*** Records for this exercise ***

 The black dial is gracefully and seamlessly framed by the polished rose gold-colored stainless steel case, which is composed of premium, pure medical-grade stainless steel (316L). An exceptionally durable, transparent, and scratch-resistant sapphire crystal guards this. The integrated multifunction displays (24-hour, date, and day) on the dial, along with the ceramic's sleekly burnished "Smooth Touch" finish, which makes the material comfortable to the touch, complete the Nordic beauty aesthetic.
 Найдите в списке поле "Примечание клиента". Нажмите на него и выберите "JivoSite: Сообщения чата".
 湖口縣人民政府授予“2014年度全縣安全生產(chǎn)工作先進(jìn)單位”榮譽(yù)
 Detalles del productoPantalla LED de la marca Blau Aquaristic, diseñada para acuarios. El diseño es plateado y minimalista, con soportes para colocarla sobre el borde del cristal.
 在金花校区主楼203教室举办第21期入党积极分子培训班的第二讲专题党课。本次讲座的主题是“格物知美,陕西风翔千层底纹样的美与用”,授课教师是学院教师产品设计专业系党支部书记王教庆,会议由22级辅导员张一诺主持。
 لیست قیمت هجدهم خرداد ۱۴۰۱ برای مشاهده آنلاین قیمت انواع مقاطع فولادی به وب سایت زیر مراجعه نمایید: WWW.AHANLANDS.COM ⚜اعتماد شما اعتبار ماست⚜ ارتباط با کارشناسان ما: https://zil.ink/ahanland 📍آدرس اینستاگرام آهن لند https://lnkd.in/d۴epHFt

***
*** Records for this exercise ***

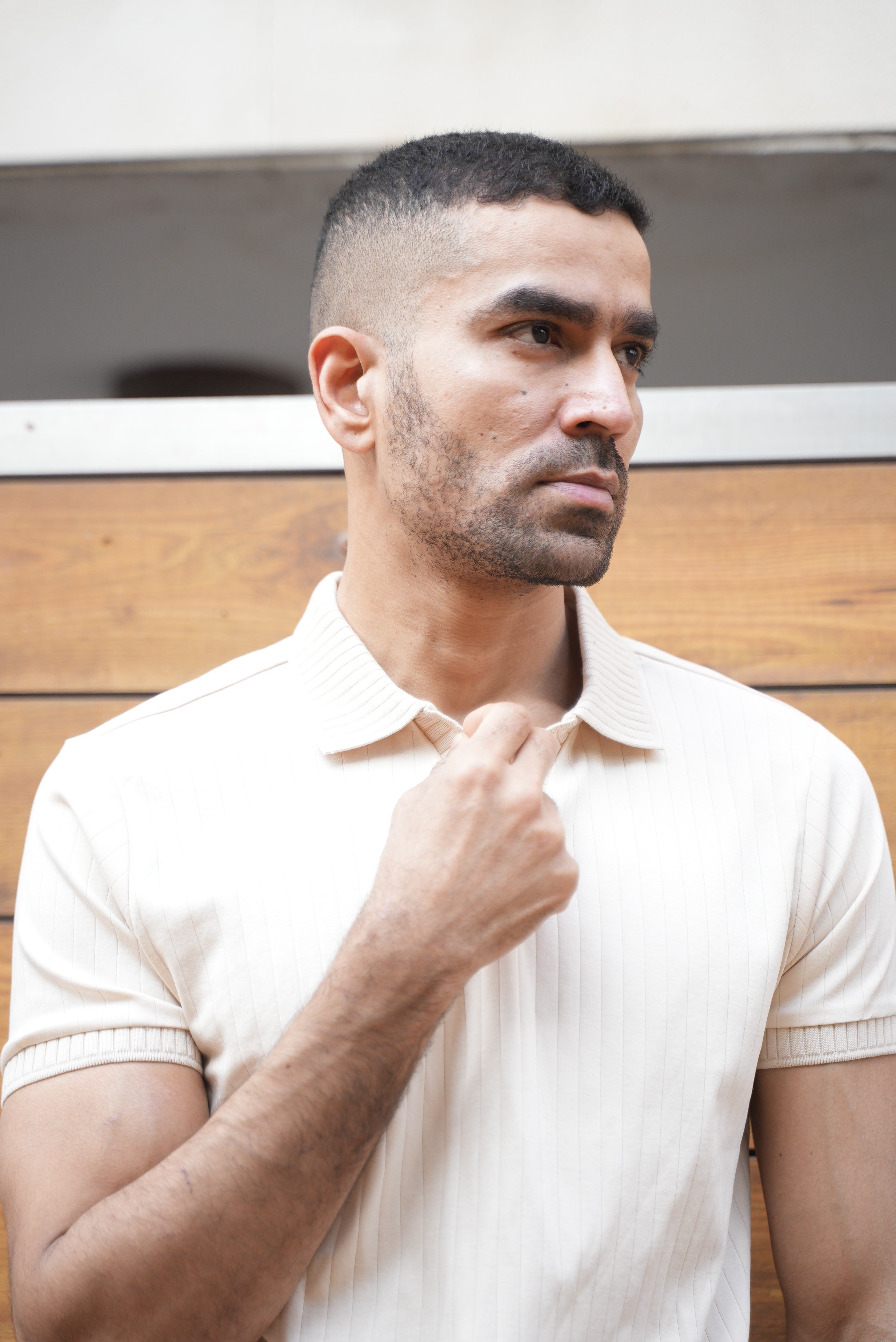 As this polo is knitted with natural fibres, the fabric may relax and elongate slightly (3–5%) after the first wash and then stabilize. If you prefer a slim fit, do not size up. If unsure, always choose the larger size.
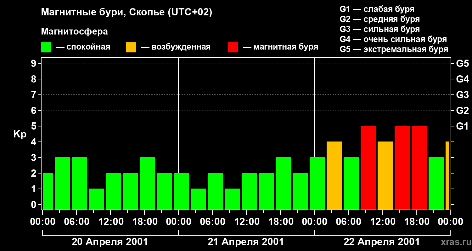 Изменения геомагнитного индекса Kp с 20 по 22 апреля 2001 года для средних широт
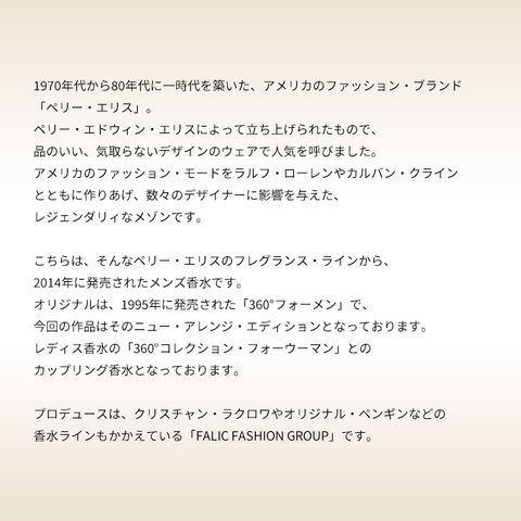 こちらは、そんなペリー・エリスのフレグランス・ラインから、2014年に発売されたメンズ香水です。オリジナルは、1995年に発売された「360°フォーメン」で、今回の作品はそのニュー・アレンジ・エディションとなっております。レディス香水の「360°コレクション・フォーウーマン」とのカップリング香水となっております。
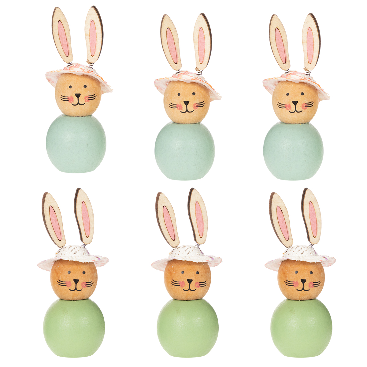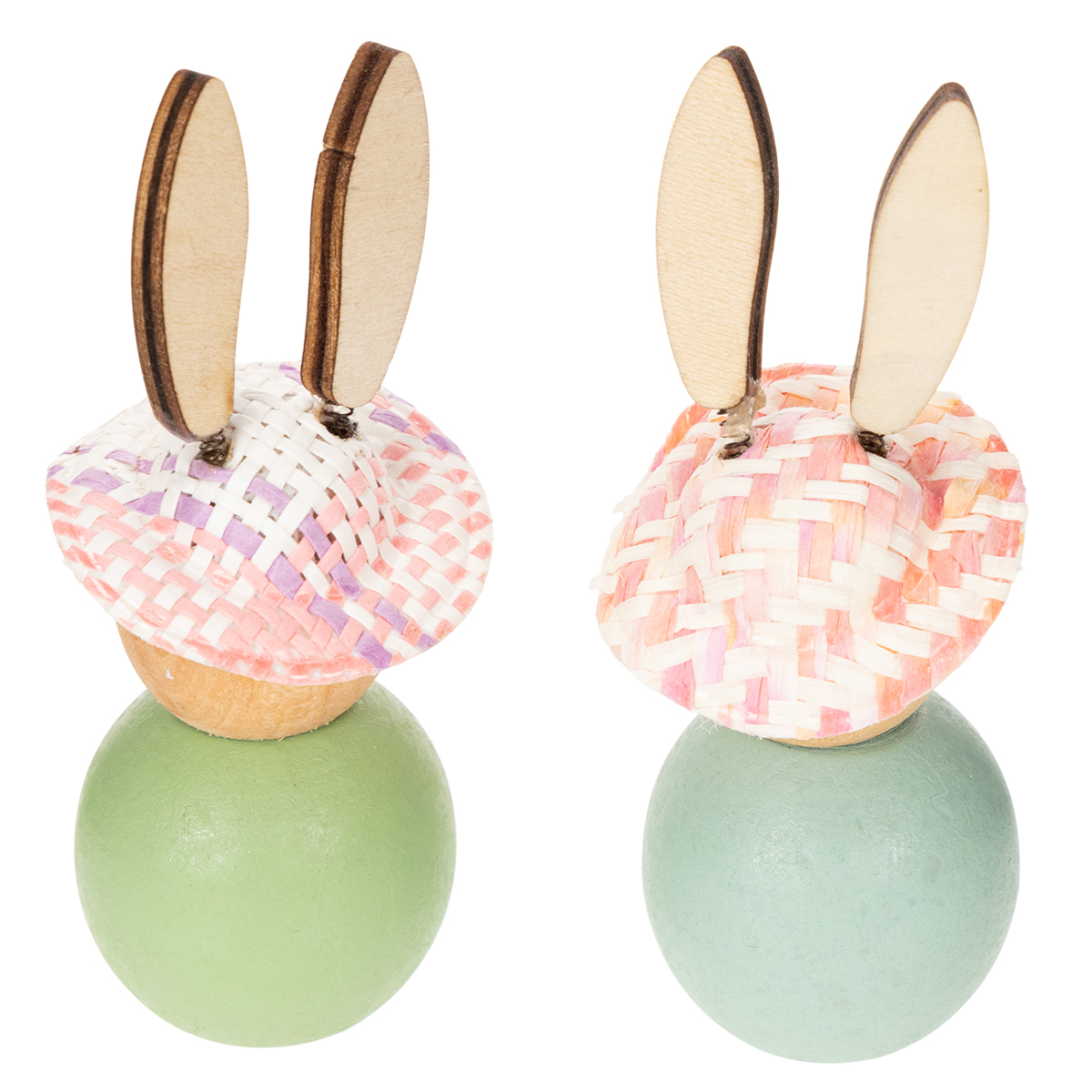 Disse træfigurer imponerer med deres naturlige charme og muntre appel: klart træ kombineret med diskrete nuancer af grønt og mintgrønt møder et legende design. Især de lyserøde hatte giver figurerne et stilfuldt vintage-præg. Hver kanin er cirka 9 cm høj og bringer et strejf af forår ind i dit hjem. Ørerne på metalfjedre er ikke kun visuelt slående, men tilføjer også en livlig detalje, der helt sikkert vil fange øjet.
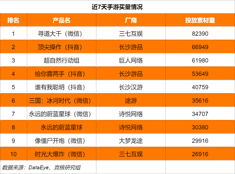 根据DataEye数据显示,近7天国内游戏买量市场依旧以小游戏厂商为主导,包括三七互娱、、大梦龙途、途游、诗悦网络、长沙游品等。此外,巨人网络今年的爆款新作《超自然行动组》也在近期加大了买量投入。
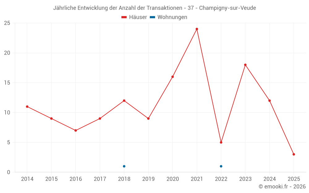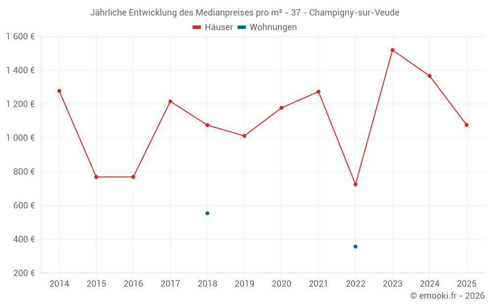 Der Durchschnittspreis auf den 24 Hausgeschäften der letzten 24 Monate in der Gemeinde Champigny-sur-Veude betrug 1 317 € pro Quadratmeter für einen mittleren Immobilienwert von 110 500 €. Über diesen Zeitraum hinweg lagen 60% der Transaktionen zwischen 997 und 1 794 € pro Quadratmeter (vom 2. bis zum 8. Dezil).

***

What this task involves:
From the entries above, restate word for word the lines from the line containing "The black dial" to the line containing "لیست قیمت هجدهم", both ends included, and nothing more.

Exercise response:
 The black dial is gracefully and seamlessly framed by the polished rose gold-colored stainless steel case, which is composed of premium, pure medical-grade stainless steel (316L). An exceptionally durable, transparent, and scratch-resistant sapphire crystal guards this. The integrated multifunction displays (24-hour, date, and day) on the dial, along with the ceramic's sleekly burnished "Smooth Touch" finish, which makes the material comfortable to the touch, complete the Nordic beauty aesthetic.
 Найдите в списке поле "Примечание клиента". Нажмите на него и выберите "JivoSite: Сообщения чата".
 湖口縣人民政府授予“2014年度全縣安全生產(chǎn)工作先進(jìn)單位”榮譽(yù)
 Detalles del productoPantalla LED de la marca Blau Aquaristic, diseñada para acuarios. El diseño es plateado y minimalista, con soportes para colocarla sobre el borde del cristal.
 在金花校区主楼203教室举办第21期入党积极分子培训班的第二讲专题党课。本次讲座的主题是“格物知美,陕西风翔千层底纹样的美与用”,授课教师是学院教师产品设计专业系党支部书记王教庆,会议由22级辅导员张一诺主持。
 لیست قیمت هجدهم خرداد ۱۴۰۱ برای مشاهده آنلاین قیمت انواع مقاطع فولادی به وب سایت زیر مراجعه نمایید: WWW.AHANLANDS.COM ⚜اعتماد شما اعتبار ماست⚜ ارتباط با کارشناسان ما: https://zil.ink/ahanland 📍آدرس اینستاگرام آهن لند https://lnkd.in/d۴epHFt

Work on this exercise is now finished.